A dramatic collision between an Antarctic cruise liner and a Venezuelan navy patrol vessel – which led to the sinking of the latter – provided the context for an important High Court ruling on the vexed subject of state immunity.
The collision followed an altercation at sea, the circumstances of which were hotly disputed. The liner was subsequently arrested in Dutch Curacao and the Republic of Venezuela launched civil proceedings, both there and in Caracas, against, amongst others, the cruise ship’s insurers.
The insurers’ response was to argue that, under the terms of the liner’s contract of insurance, Venezuela was bound to arbitrate the dispute in London. They obtained an interim anti-suit injunction which required Venezuela to desist from the foreign proceedings, and later applied to make the injunction permanent. In resisting the application, Venezuela cited provisions of the State Immunity Act 1978.
Ruling on the matter, the Court noted that, if a permanent anti-suit injunction were granted, it would represent the first time that an English court had issued such an order directly against a sovereign state without that state’s agreement.
The Court was satisfied that Venezuela was subject to the arbitration clause in the insurance contract and was thus obliged to pursue its claim in respect of the loss of the patrol vessel before a panel in London, under English law. Although a military vessel was involved in the collision, the foreign proceedings were ordinarily civil claims and Venezuela’s engagement in them did not amount to a sovereign act.
Nevertheless, the Court ruled that the insurers were precluded from obtaining the permanent order sought by virtue of Section 13(2)(a) of the Act, which prohibits the grant of an injunction, or an order for specific performance, against a sovereign state without first obtaining that state’s written consent.
The insurers argued that, in shielding a state’s non-sovereign activity from injunctive relief, the provision conflicted with its right of access to the court, enshrined in Article 6 of the European Convention on Human Rights. It could not be right to permit Venezuela to pursue the foreign proceedings in breach of contract.
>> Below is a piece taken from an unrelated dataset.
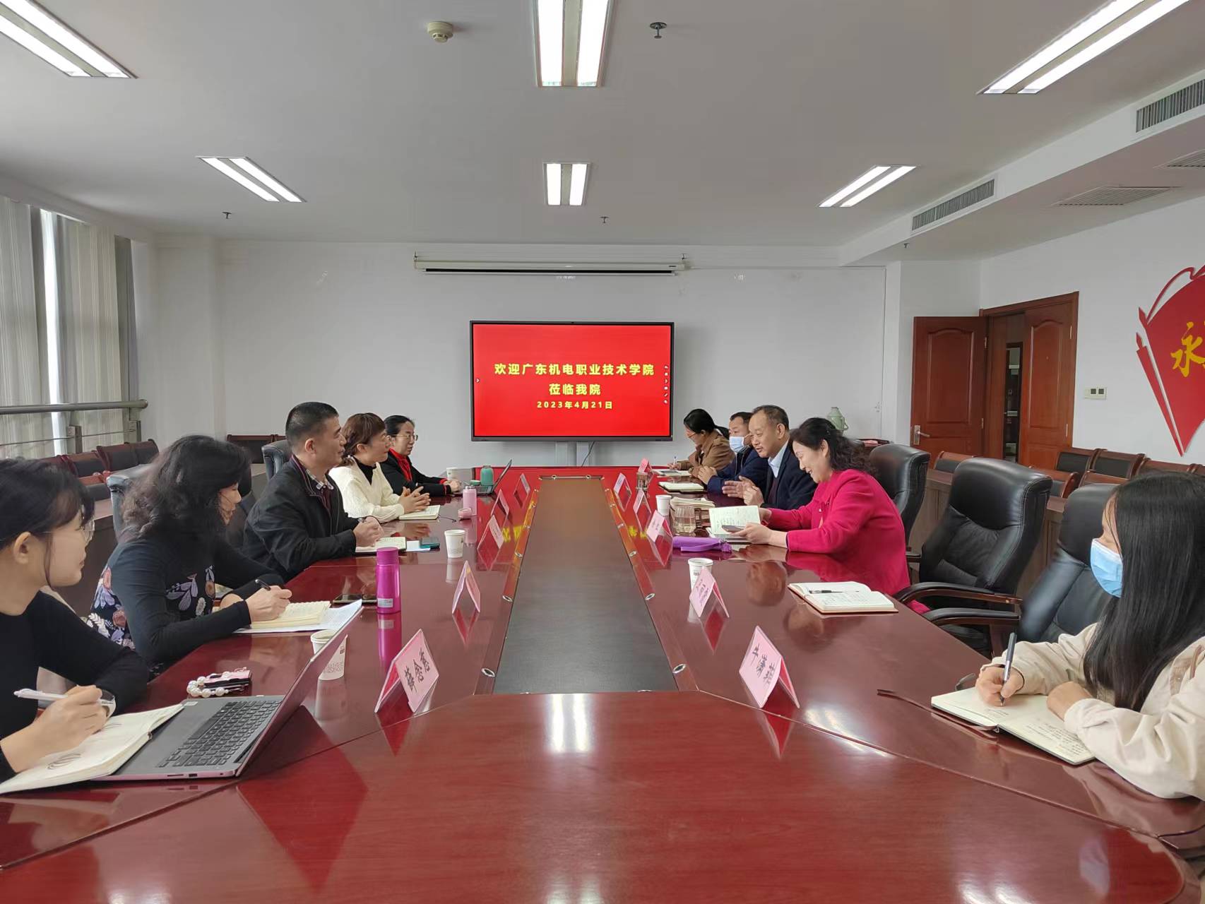 4月21日上午,广东机电职业技术学院公共管理学院党总支书记马庆、院长韦莉莉一行5人来我校对口交流。健康学院党总支书记徐红、院长仝丙昌及教学相关人员参加座谈交流活动。

The Court acknowledged that the insurers’ Article 6 rights were engaged. However, it found that interference with those rights was justified by both customary international law and domestic policy. It was also not possible to read down or otherwise interpret the provision in a manner that would entitle the insurers to the relief sought.
In dismissing the insurers’ application, the Court noted that they would still be able to pursue a London arbitration in parallel with the foreign proceedings. They might be entitled to compensation for breach of the arbitration agreement and success in the arbitration might also assist them in resisting enforcement of any judgment which Venezuela obtained in the foreign proceedings.